ブロディの初来日は、1979年とハンセンよりも随分と後で、当時は「未だ見ぬ強豪」として有名でした。実際に猪木も招聘に動き、1977年には「一番強い奴とやりたい。サンマルチノの首を折ったハンセンが一番強いかというと、あれは偶発的なものでハンセンの実力じゃないという声もある。どうもブルーザー・ブロディというのが一番骨があるらしい」と語っております。何気にガチ発言なのが、猪木らしいですね。後に念願の「運命の対決」となるのですけど、既に全盛期を過ぎた上に、もう出来上がっていたブロディとは名勝負を演じられなかった「落日の闘魂」が居ました。いや、猪木はブロディと「信頼関係」を築く事が出来なかった。結局は馬場さんに持って行かれたのだけど、前述の通り、最初から馬場さんは「自らフォール負けする」など破格の待遇(ブロディは初来日で馬場に反則負けした試合以外は全勝!)でした。其の後もジャンボ鶴田や天龍源一郎と名勝負を繰り広げ「全日の最強外国人レスラー」との地位を確立してゆきます。

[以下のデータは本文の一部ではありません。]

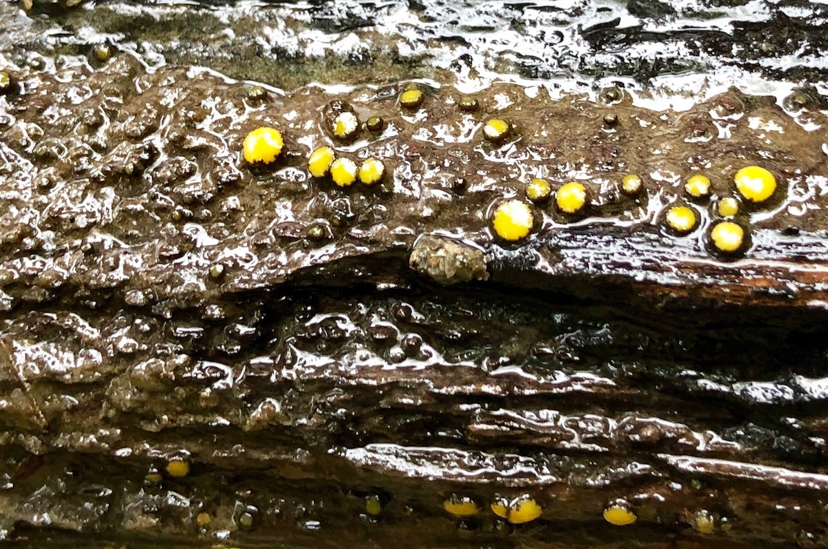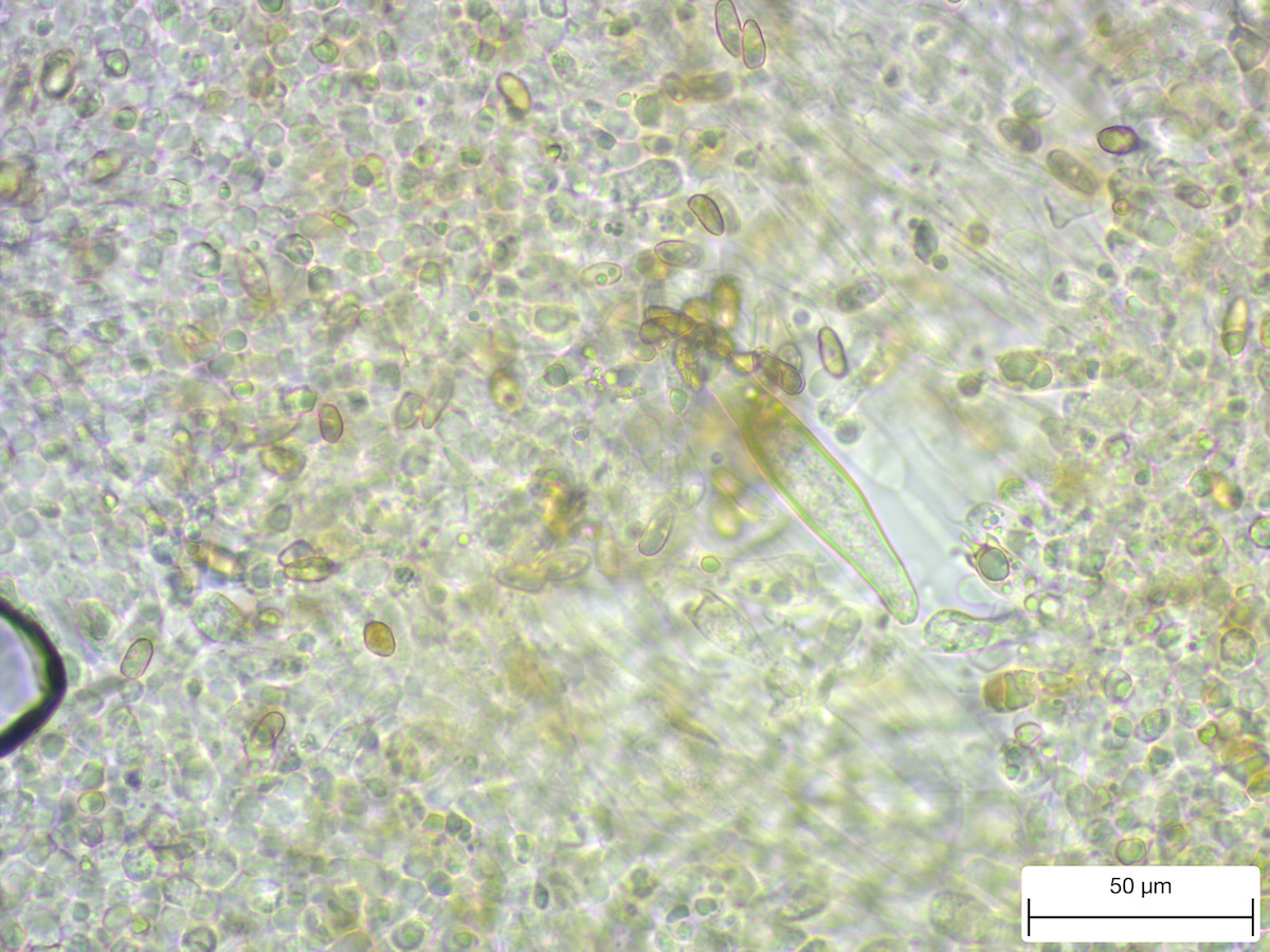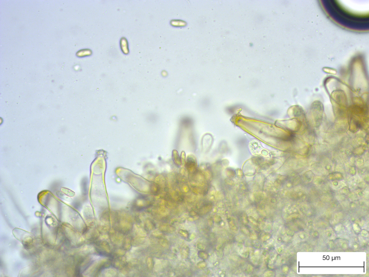 Dieser Stöckchenumdreherpilz wuchs unter Wasser. Das hübsche Becherchen hört auf den Namen Vibrissea flavovirens. Dank der Erklärung der Pilzprofis gelang mir zum ersten Mal ein Handyfoto durch die Stereolupe.

ところが、出戻りのハンセンと組んだら明らかに自分が格下扱いの「ハンセン・ブロディ組」になってしまったのです。其の不満は、後に新日へ移籍と云う事に繋がりますが、ブロディとハンセンは親友だから、ブロディの移籍理由はズバリ云って「金」でしょう。兎も角、ブロディは初来日時からエリートでした。なのに何故、ハンセンが戻って来たら格下扱いされたのか?其れは、当時の「新日と全日の差」から生じたのでしょう。新間が「今はプロレス・ブームではなく、新日本プロレス・ブームなのです!」と豪語した程に、我が世の春を謳歌していました。そして、日本人は海外で評価を得てから満を持して初来日しエリート外国人として君臨したブロディよりも、最初は木偶の坊のグリーンボーイだったのに猪木と闘う事でメキメキと強くなっていったハンセンを圧倒的に支持したのです。正に、リアル「スポ根」ですからね。自らの経験を、ハンセンは四天王を育てる事で継承しました。もう、ハンセンは半分くらいは日本人ですよ。実際に奥さんは日本人で、日本にも家を建てちゃったんだからさ。ブロディも大好きだけど、やっぱり、二者択一なら、ハンセンだナァ。